When the multi-scale distance is smaller, we put more weights on those data points.

IDW has the advantage of being intuitive and is popular for its simplicity, computational speed, and good empirical results. We demonstrate the utility of our affinities learned through the multi-scale procedure in imputing missing entries by conducting numerical experiments on different datasets. We compare a simple IDW approach using our multi-scale row and column affinities with the two-directional Laplacian pyramid (2D Pyds) imputation method proposed in Reference [33], which is also a multi-scale approach based on the pairwise distances between rows and columns of the known matrix. We also include in our comparison standard techniques that replace the missing values in each column by its mean (Mean) and replace the missing values by the most frequent value (Freq).

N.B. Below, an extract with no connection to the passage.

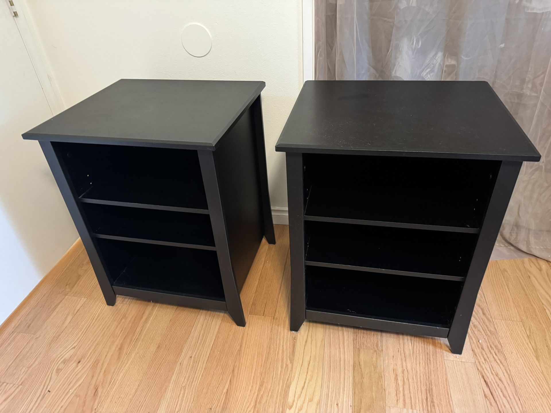 These are some quality black speaker tables that we use as side tables, but have used them to hold our speakers. They have a black backing with a couple of cut out holes in the back(of one) for cords to go through. 24in W x 21in L and about 31in tall Excellent condition. $60 for the pair. Cash only, pick up only Moving and downsizing or I’d take these beauties with me.

We follow the simulations in Reference [33] and test our methods on two public datasets from the UCI repository (http://archive.ics.uci.edu/ml/datasets). The data are normalized such that each column has mean 0 and standard deviation 1. The mice protein expression data [19] contain expression levels of 77 proteins and a total of 1080 measurements per protein. Each measurement can be considered as an independent sample/mouse. While mice of the same class may have similar protein expression levels, at the same time, similar protein expression levels are likely to be in the same class. The original dataset has many missing values. We extract a smaller, complete dataset X of size M × N = 1000 × 66 from the original data in order to evaluate the results. The voice rehabilitation dataset [37] contains data for 126 patients and 309 features. Each feature corresponds to the application of a speech signal processing algorithm, including wavelet-based, frequency-based, and nonlinear time-series algorithms that aim to objectively characterize the signal. Consequently, there is likely correlation between rows of this dataset as well as between its columns [33].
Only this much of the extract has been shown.